Selon S&P, « alors que l’Amérique fait face à de grands défis fiscaux et économiques, l’efficacité, la stabilité et la prévisibilité de l’appareil législatif et institutionnel américain ont diminué à un degré plus important que nous ne l’imaginions quand nous avons attribué une perspective négative à la notation le 18 avril ». Dès lors, l’agence « a modifié sa perception de la difficulté à rapprocher les positions des partis politiques sur la politique fiscale, ce qui nous rend pessimiste quant à la capacité du Congrès et de l’Administration à transformer à brève échéance leur accord (annoncé le week-end précédent) en un plan large de consolidation des finances publiques » qui stabiliserait « la dynamique de la dette ». Rien là de bien neuf. Le bras de fer autour du relèvement du plafond d’endettement a montré que les Républicains, à la Chambre, étaient prêts à tout pour torpiller l’administration Obama – même à (menacer de) placer le gouvernement américain en défaut (technique) de paiement. Ils ne feront aucun cadeau au président démocrate la campagne pour les présidentielles de novembre 2012 a commencé.

Une erreur à 2.000 milliards de dollars ?

S&P précise donc que l’abaissement reflète aussi son « sentiment » que « le plan de consolidation fiscale entre le Congrès et l’administration est insuffisant par rapport à ce qui serait nécessaire pour stabiliser la dynamique de la dette à moyen terme ». L’accord politique prévoit des réductions budgétaires de plus de 2.000 milliards de dollars à l’horizon 2020. Trop peu, pour l’agence, qui avait placé la barre à 4.000 milliards. Fort bien… si, dans une première version du document, communiqué vendredi au Trésor US, l’agence de notation n’avait pas surestimé de… 2.000 milliards de dollars la dette publique US à l’horizon 2021. S&P, qui a gommé l’erreur du document rendu public, a cependant maintenu sa décision de dégrader les USA. Réplique de l’administration Obama : « L’ampleur de cette erreur – et la hâte avec laquelle S&P a modifié la principale justification de sa décision – soulève des questions fondamentales sur la crédibilité et l’intégrité de ses activités de rating », a lancé John Bellows, secrétaire adjoint au Trésor.

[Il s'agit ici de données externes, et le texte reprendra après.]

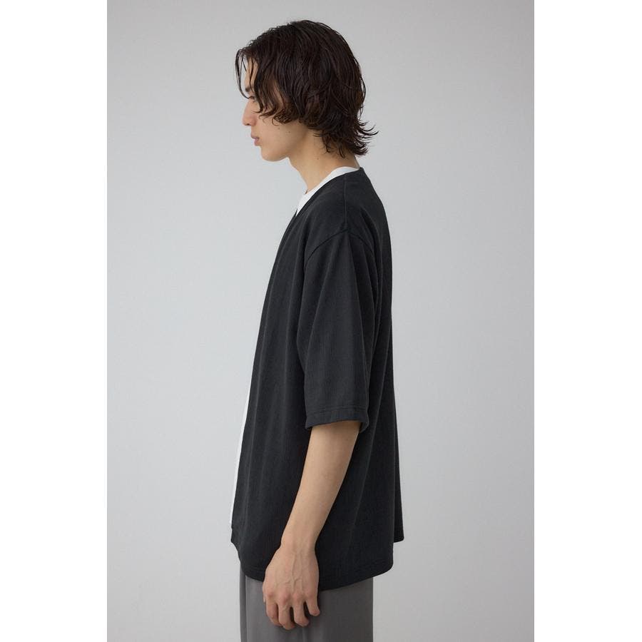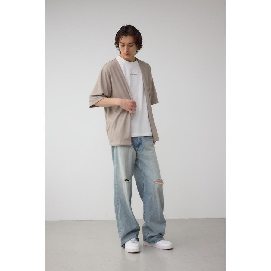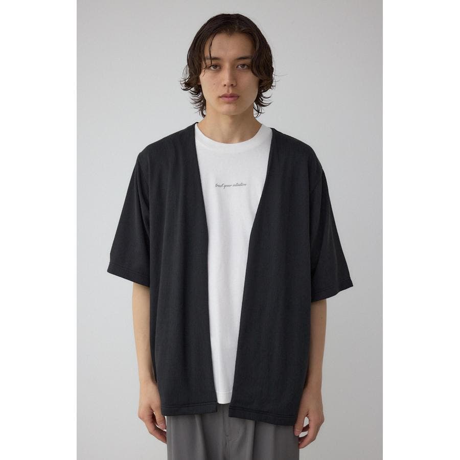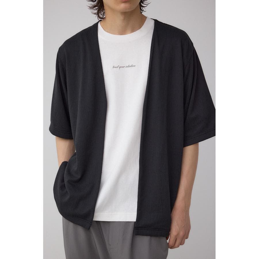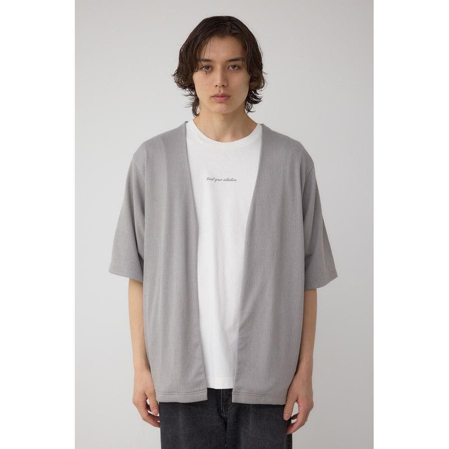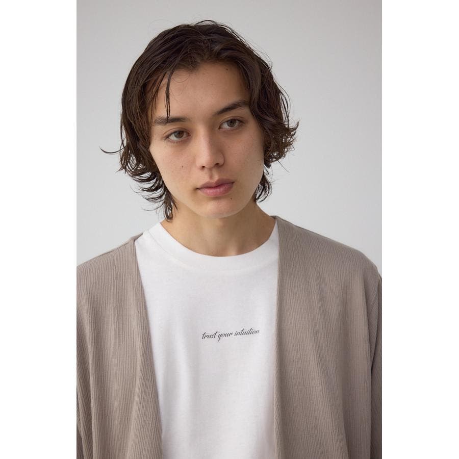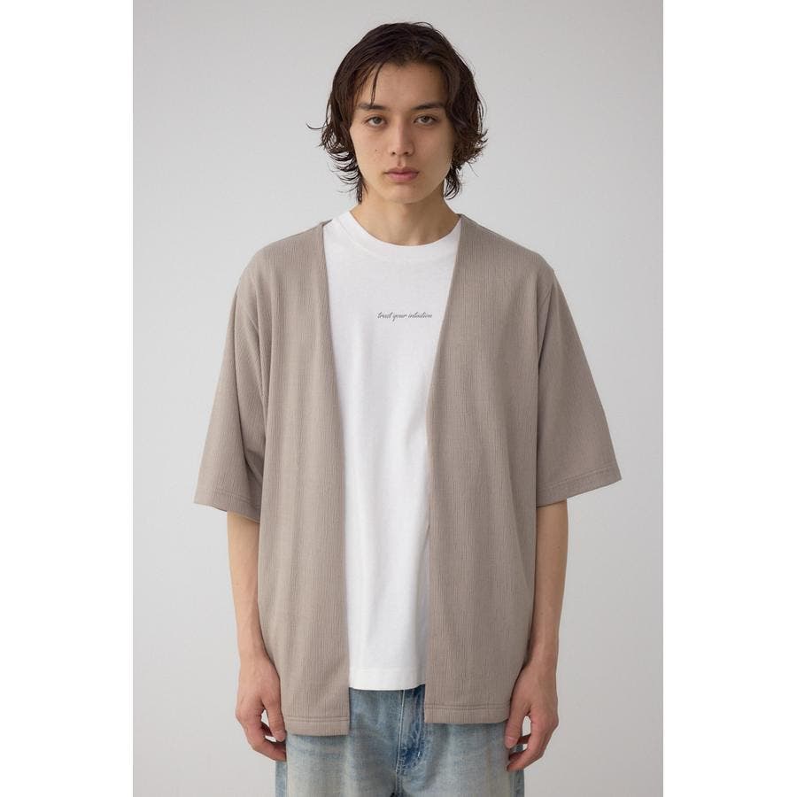 ベーシックで着やすい素材Tシャツと、さりげない表面感で落ち感のある生地を使用したカーディガンです。

Une décision hâtive et peu crédible ?

Le « Nobel d’économie » Paul Krugman et l’ancien ministre du Travail de Clinton, Robert Reich, n’ont pas manqué de rappeler que les agences avaient accordé leur meilleure note à des produits financiers complexes adossés à des crédits hypothécaires subprime, dont la toxicité a failli emporter, en 2008, le système financier US, obligeant le gouvernement à intervenir massivement et plongeant l’économie dans une récession dont elle sort très difficilement. Citons Reich : « Si S&P avait alors fait son job, (…) le déficit budgétaire serait aujourd’hui bien plus faible et la dette future de la nation ne semblerait pas si menaçante. » Ou Paul Krugman : « Ces gens sont mal placés pour juger. » Et ils vont vite en besogne. Personne n’est assez naïf pour penser que l’accord de réduction du déficit, obtenu à l’arraché le week-end précédent, sera facilement traduit en actes, vu l’abîme qui sépare démocrates et républicains – et le jusqu’au-boutisme de ceux-ci. Mais ce n’est qu’au vu des décisions concrètes (éventuellement) prises ( réductions de dépenses, hausse de taxes) , que l’on pourra en juger.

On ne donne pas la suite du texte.